Personal information
- Full name: Daniel Orzechowski
- Nationality: Brazil
- Born: June 1, 1985 (age 41) Joinville, Santa Catarina, Brazil
- Height: 1.90 m (6 ft 3 in)
- Weight: 87 kg (192 lb)

Sport
- Sport: Swimming
- Strokes: Backstroke

Medal record
Men's swimming
Representing Brazil
South American Games
| Silver medal – second place | 2006 Buenos Aires | 100 m backstroke |
| Silver medal – second place | 2006 Buenos Aires | 4x100 m medley |
| Bronze medal – third place | 2006 Buenos Aires | 50 m backstroke |
| Bronze medal – third place | 2010 Medellín | 50 m backstroke |
South American Championships
| Gold medal – first place | 2012 Belém | 50 m backstroke |

= Daniel Orzechowski =

Brazilian swimmer (born 1985)

Daniel Orzechowski (born 1 June 1985) is a Brazilian swimmer who has competed at World and Olympic level.

At the 2006 South American Games, he got the silver medal in the 100-metre backstroke, in the 4×100-metre medley, and bronze in the 50-metre backstroke.

At the 2010 South American Games, Daniel won the bronze medal in the 50-metre backstroke.

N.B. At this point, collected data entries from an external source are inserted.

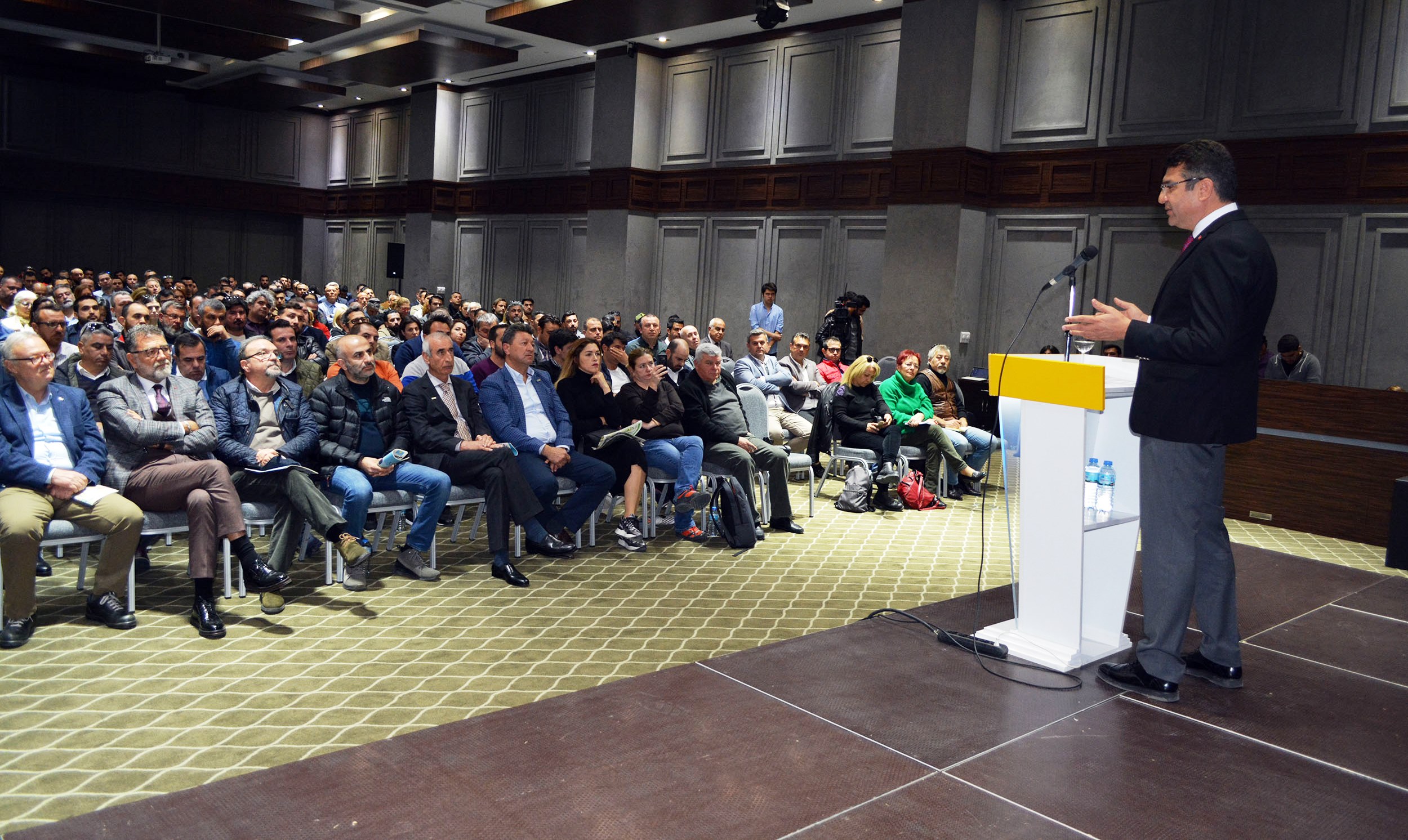 “Saygıdeğer hemşehrilerim, Bodrumumuz bir marka, bir dünya markası, buna bir itirazımızda yok ama isimle marka olmamızın, ismimizde dünya genelinde söz ettirmenin bir faydası yok. Rakiplerimiz var, alternatiflerimiz çoğalmaya başladı. Bodrum Güvercinlik’ten itibaren ilçeye girdiğimiz andan itibaren artık sıradanlaşan, yapılaşan, betonlaşan, sorunlarıyla birlikte, hormonlu bir şekilde büyüyen, altyapısı olmayan, sel felaketleriyle, çöp yangınlarıyla sık sık isminden söz ettiren bir yer haline geldi. Ben esasen bir arkadaşınız olarak siyasetçiliğin ötesinde bu tür haberleri gördüğümde üzülüyorum, burada doğmuş büyümüş bir arkadaşınız olarak inanın utanıyorum. Biz bu şartlarda bu şehirde, bu kentte sürdürülebilir bir yaşamı planlayamayacağımız gibi turizmi de yapamayız. Sorunlarımızla yüzleşmemiz lazım. Bugün şu salonda toplantı yaptığımız sırada Turgutreis Ali Hoca Burnu’ndan 10 bin metreküp atık suyumuz maalesef ve maalesef açıkta denize bırakılıyor. Bodrum’un birçok noktasında arıtma tesisi problemlerimiz var. Üç tarafı denizlerle çevrili olan Bodrum Yarımadamızda ve denizi bir kenara bıraktığınızda neredeyse hiçbir özelliği kalmayan Bodrum’umuzda denizi her gün kirletiyoruz. Biz farkında değiliz Turgutreis’teki olayı denizin altında olduğu için farkında değiliz. Karadan denize kirlilik yükü her geçen gün artıyor ve bunun farkında değiliz.”
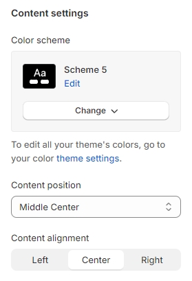 Content position: Position of content in section.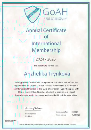 I am a professionally trained, certified hypnotherapist in accordance with Australian standards, recognized as among the strictest in the world for the hypnotherapy profession.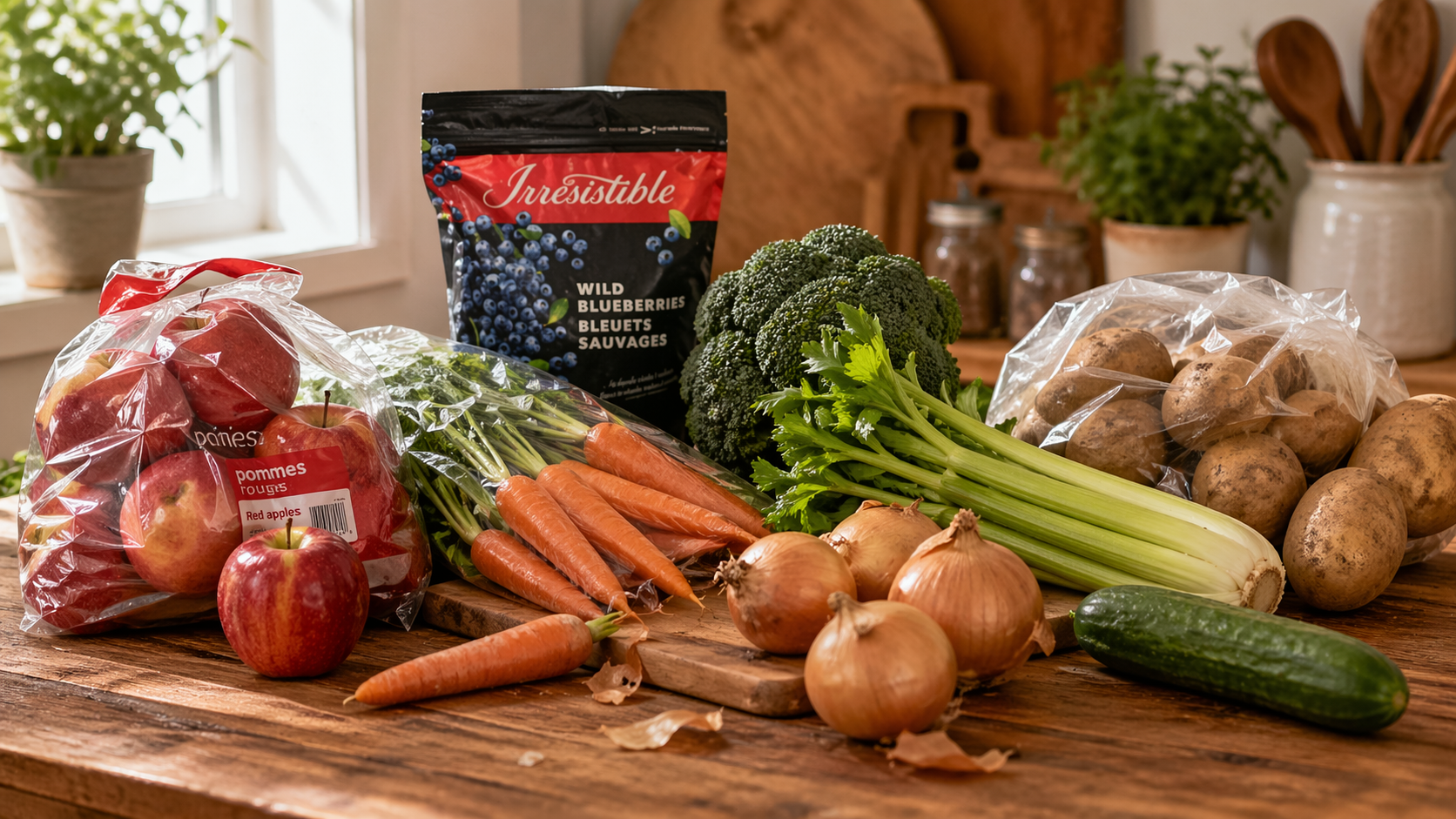 Quand les fruits et légumes frais touchent leur vrai prix plancher, pense utilisation rapide, cuisson ou transformation. Les bananes peuvent finir en muffins ou smoothies, les pommes en compote, les carottes et oignons en soupe ou base de sauce. Pour les patates, oignons et carottes, un plus gros format peut être très rentable si tu le passes vraiment. Les fruits et légumes surgelés, eux, sont parfaits pour acheter d’avance. Un bon prix végétal bien utilisé, c’est moins de gaspillage et plus de souplesse dans la semaine.

In April 2012, at the Maria Lenk Trophy, he broke the South American record of 50-metre backstroke, with the best time in the world at that stage of the year, 24.44 seconds.

He qualified for the 2012 Summer Olympics in London, in the 100-metre backstroke. Daniel finished in 28th place in the heats, failing to make the semi-finals.

At the 2012 FINA World Swimming Championships (25 m) in Istanbul, he reached the final of the 50-metre backstroke, placing 7th. He also ranked 18th in the 100-metre backstroke. Daniel also competed for the Brazilian 4×100-metre medley relay team, which qualified for the finals, finishing in 4th place.

At the 2013 World Aquatics Championships in Barcelona, he finished 6th in the 50-metre backstroke final and 21st in the 100-metre backstroke.